▶ [Recorded information]
*****
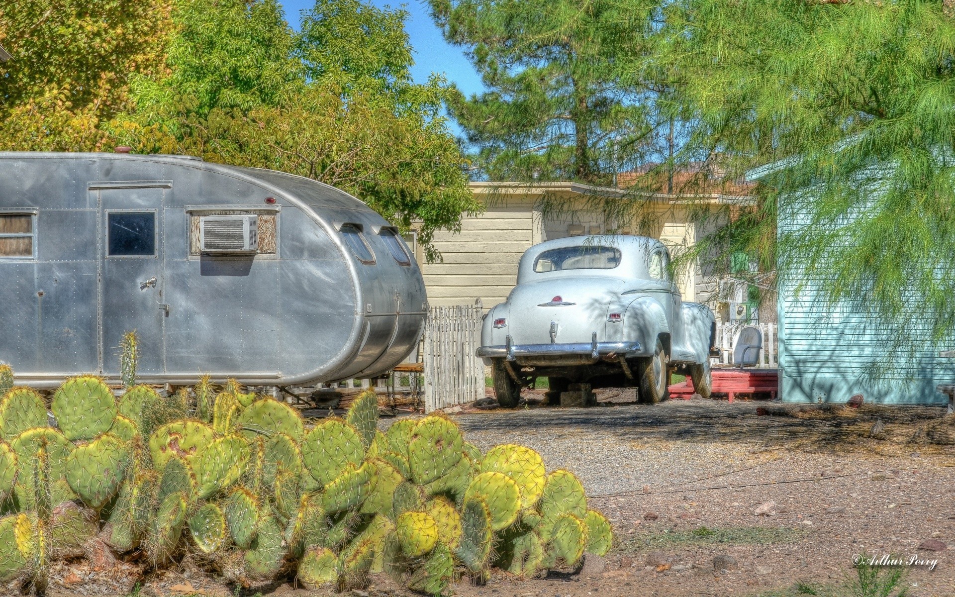 Cactos, carro velho, casa-reboque, uchatstock da terra
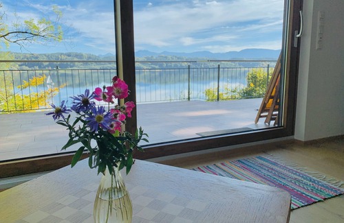 The view from the house of the lake and the mountains behind it will compensate for the missing TV.
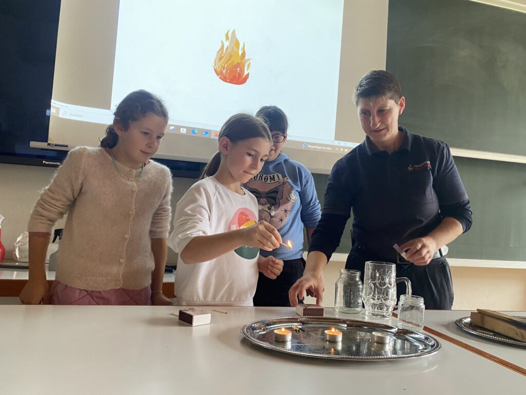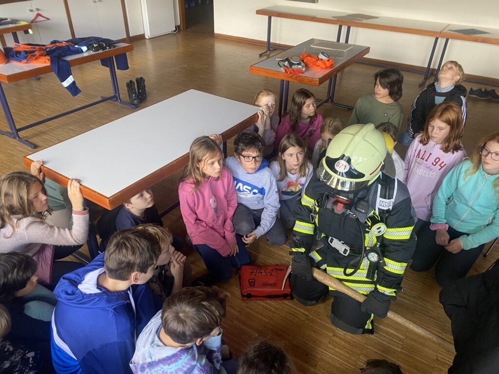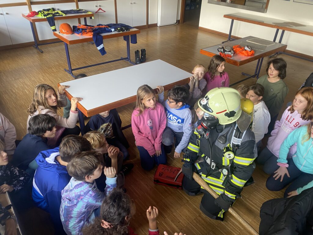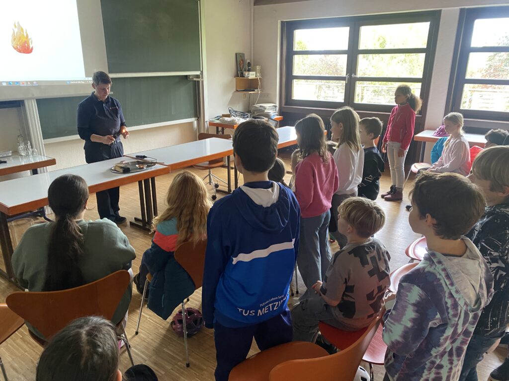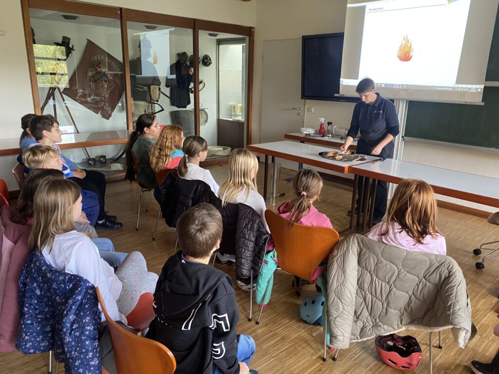 Im Rahmen des Sachunterrichts zum Thema „Feuer“ besuchte die Klasse 4 zusammen mit ihrer Lehrerin Frau Hoffmann die Feuerwehr in Oferdingen. Schon auf dem Weg waren wir ganz gespannt, was uns dort erwartet. Bei der Feuerwehr wurden wir freundlich von Freu Pregizer begrüßt und sie begleitete uns durch den Nachmittag. HERZLICHEN DANK an Frau Pregizer für den lehrreich und interessanten Nachmittag bei der Feuerwehr in Oferdingen.
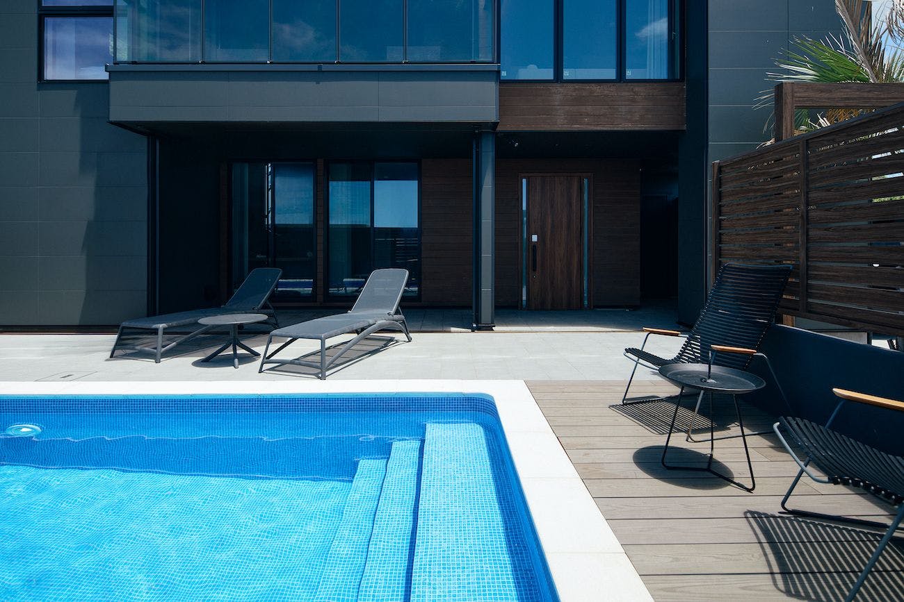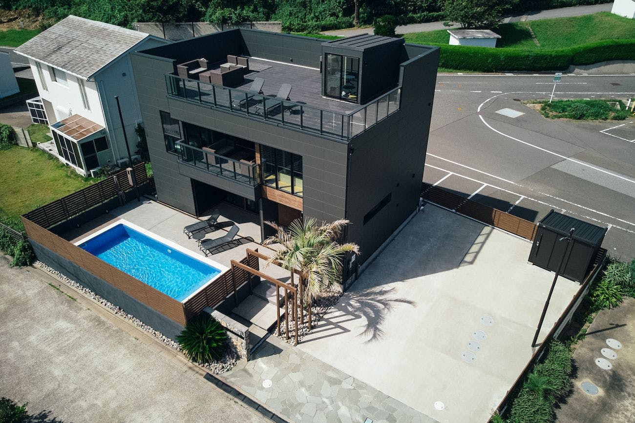 以下のような設備や特徴があります。 一棟貸切・キッチンあり・連泊中清掃サービスあり・洗濯機あり・寝室複数・近隣スーパーあり・駐車場あり・食料品の持込可・プールあり・ペット可
*****
▶ [Work item] Once the pictures are removed, copy the material above exactly.

▶ [Written solution]
 Cactos, carro velho, casa-reboque, uchatstock da terra
 The view from the house of the lake and the mountains behind it will compensate for the missing TV.
 Im Rahmen des Sachunterrichts zum Thema „Feuer“ besuchte die Klasse 4 zusammen mit ihrer Lehrerin Frau Hoffmann die Feuerwehr in Oferdingen. Schon auf dem Weg waren wir ganz gespannt, was uns dort erwartet. Bei der Feuerwehr wurden wir freundlich von Freu Pregizer begrüßt und sie begleitete uns durch den Nachmittag. HERZLICHEN DANK an Frau Pregizer für den lehrreich und interessanten Nachmittag bei der Feuerwehr in Oferdingen.
 以下のような設備や特徴があります。 一棟貸切・キッチンあり・連泊中清掃サービスあり・洗濯機あり・寝室複数・近隣スーパーあり・駐車場あり・食料品の持込可・プールあり・ペット可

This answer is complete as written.